Следовало бы произвести описательный анализ банкнот. Получилась бы книга, и безграничная сила ее сатиры могла бы сравниться лишь с силой ее объективности. Ибо нигде более, чем в таких документах, капитализм не обнаруживал бы своей наивности, храня при этом священную серьезность. Игра невинных младенцев с цифрами, богини, которые держат скрижали с законом, здоровенные герои, возвращающие меч в ножны при виде денежных единиц, – все это самостоятельный мир – фасад преисподней. – Если бы Лихтенберг застал распространение бумажных денег, от него не ускользнула бы идея такого труда.
Защита прав неимущих
ИЗДАТЕЛЬ: Мои ожидания были обмануты самым постыдным образом. Ваши вещи не произвели на публику совершенно никакого впечатления; они не привлекают ни малейшего внимания. А я не поскупился на оформление. Потратился на рекламу. – Вам известно, сколь высоко я, как и раньше, ценю вас. Но вы не можете поставить мне в вину, что во мне теперь заговорила совесть коммерсанта. Как никто другой, я делаю для авторов, что могу. Но, в конце концов, мне нужно заботиться о жене и детях. Я, разумеется, не хочу сказать, что отношу на ваш счет убытки последних лет. Но горькое чувство разочарования останется. В данный момент я, к сожалению, больше никак не могу поддерживать вас.
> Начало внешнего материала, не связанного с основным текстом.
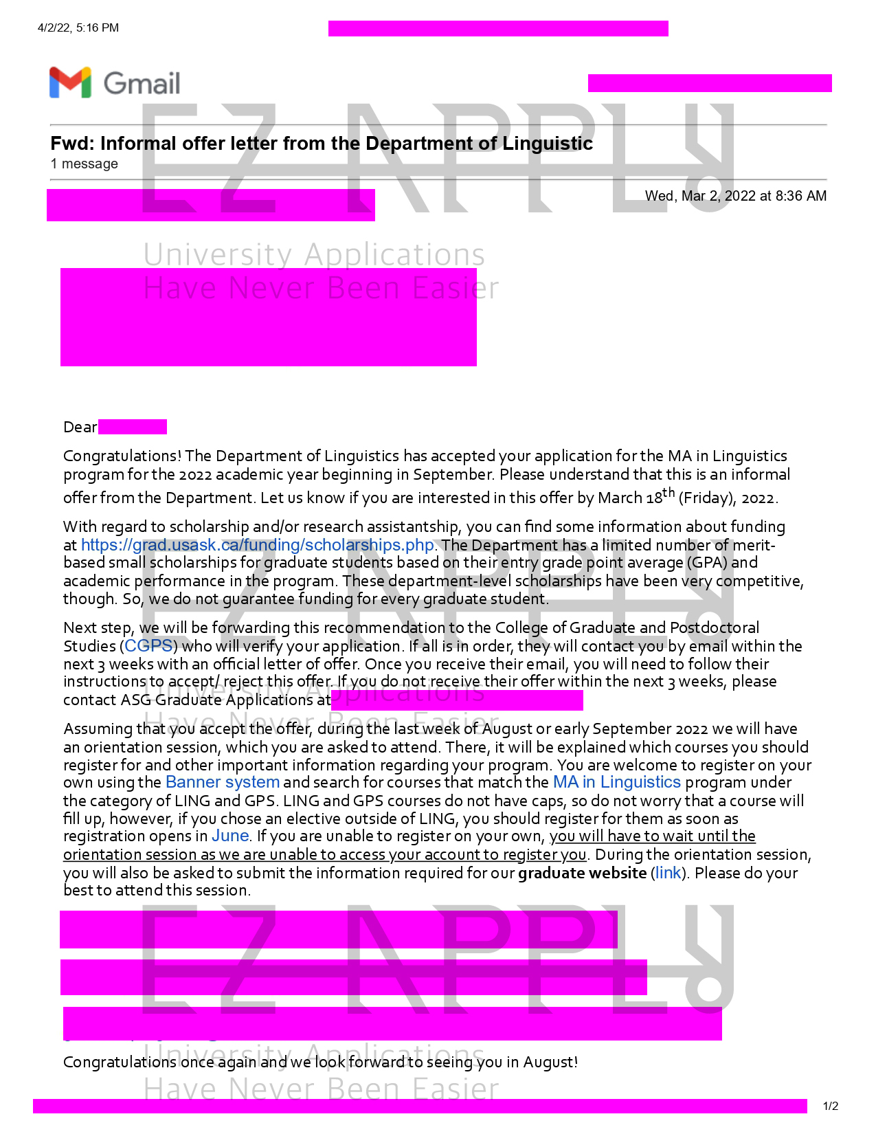 - اخذ پذیرش توسط تیم «ایزی اپلای» در مقطع کارشناسی ارشد در رشته «زبان شناسی» از «University of Saskatchewan» در کانادا برای ترم پاییز 2022

АВТОР: Уважаемый, но почему вы стали издателем? Мы это сейчас выясним, но прежде позвольте мне сказать лишь одно: в вашем архиве я фигурирую как № 27. Вы издали пять моих книг; то есть вы пять раз ставили на 27. Я сожалею, что 27 не выпало. К тому же, вы поставили на меня сплитом. Только потому, что я нахожусь рядом с вашим счастливым числом 28. – Теперь вам известно, почему вы стали издателем. Вам следовало бы избрать такую же достойную профессию, как и у вашего господина отца. Но никто никогда не думает о завтрашнем дне – такова уж молодость. Потакайте и дальше своим привычкам. Но прекратите выдавать себя за честного коммерсанта. Не надо делать невинную мину, раз уж вы все проиграли; не надо рассказывать ни о вашем восьмичасовом рабочем дне, ни о ночи, в которой вы также не находите покоя. «Прежде всего, дитя мое, вот что: верным и честным ты будь!»[54] И не устраивайте сцен вашим номерам! А не то вас вышвырнут вон!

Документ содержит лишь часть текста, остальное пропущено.